Reporting from the Global Philanthropy Forum: Thoughts on day 1

I’m attending the Global Philanthropy Forum this week, held just outside San Francisco. Last year, as Laura Starita reported, the discussion was all about public-private partnerships. This year it’s a back-to-basics outlook focusing on basic health, food and water. Here are some brief thoughts on what I heard on the first day.
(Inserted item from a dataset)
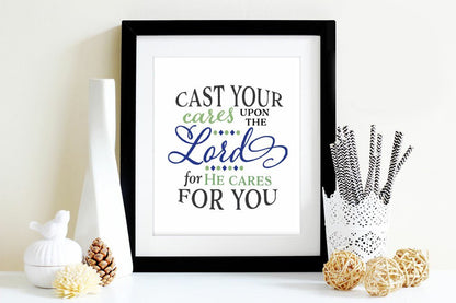 Whether you are enhancing one of our ready-made templates or creating a custom design of your own, the Cast Your Cares Bible Verse Word Art adds a graceful spiritual touch to any project. Its calming message makes it especially meaningful for times of grief, reflection, and prayer, offering gentle encouragement and hope through every design.

→ In one of the opening plenary ‘conversations’, Tim Brown of IDEO (which for some reason seems to be all the rage in philanthropic circles these days) responded to a questions about finding opportunities where good design could make a difference by saying (and here I use quotations loosely): ‘The honest truth is that most of us are not very good at solving our own problems.’ While I’m not sure I entirely agree, I think it is an interesting point to consider, particularly when it comes to the romanticization of the poor. Over the last decade there’s been a huge movement toward empowering the grass roots and adopting local solutions, and moving away from ‘top-down’ approaches. While there is obvious wisdom in this movement and in general we endorse it, Brown’s comment reminded me that there are many problems where there is not the capacity or resources for real local solutions to be developed. We can’t just assume that the poor will develop the best solutions for their own problems, just like we are often not very good at finding solutions to our own problems.